Oregon, especially Portland, already are home to a disproportionately large population of unhoused and unsheltered people. Sweeps of homeless encampments, the city’s typical way of dealing with its horrific housing crisis, are temporarily halted amidst the crisis. However, as businesses begin to reopen under Governor Brown’s orders, sweeps are likely to begin anew and with increased fervor. A 2019 report shows that while Oregon’s population represents only 1.3 percent of the total United States population, its homeless population represents 2.6 percent of the total homeless population. The factors pointed to in this report are the deadly convergence of an inadequate housing supply and rising rents, which leave tens of thousands at risk of eviction and homelessness. Now a third factor has entered into the equation: a deadly pandemic and financial crisis, which is exacerbates the suffering even further, threatening to plunge already struggling people into further danger. 

As the pressure doubles down on tenants with the ending of state and federal benefits with only vague and unlikely promises of new relief, Portlanders are presented with the dual problem of facing evictions during a pandemic and an ineffective local and national government that has been all too happy to teargas the nightly anti-racism protests. They are unsafe both in the homes they risk to lose to predatory landlords, as well as in the street where they daily confront the violent arm of the state. These problems are not unrelated, in fact they rely intimately upon one another. The police exists to protect the private property of the elite, including prized real estate and gated neighborhoods, which corporate landlords and banks work hard to keep “undesired” populations out of. 

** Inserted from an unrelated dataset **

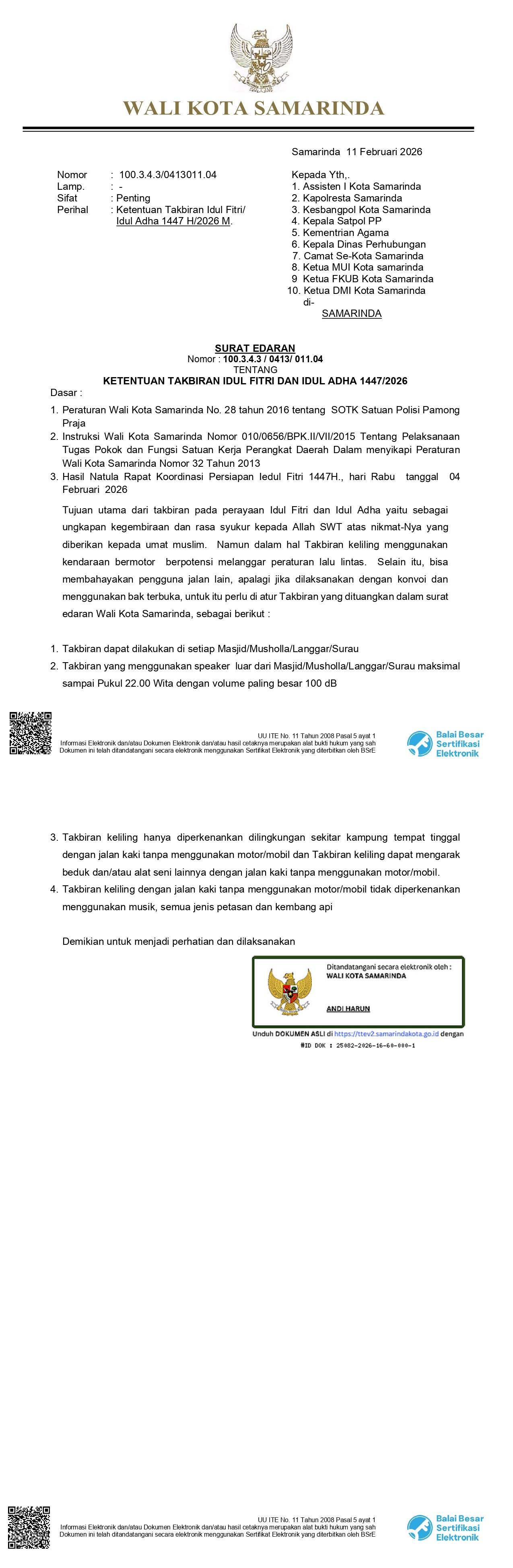 SE Ketentuan Takbiran Idul Fitri dan Idul Adha 1447/2026

What is happening in Portland is of course not an isolated phenomenon, and people around the country are standing up to proclaim their discontent. Activists have already staged actions around the country in 40 cities including Portland to “Cancel the Rents and End Racist Policing.” As the U.S. dives headfirst into another financial crisis caused by the instability of capitalism and its ever-mounting crises and contradictions, we must stand up together, united by our shared struggle.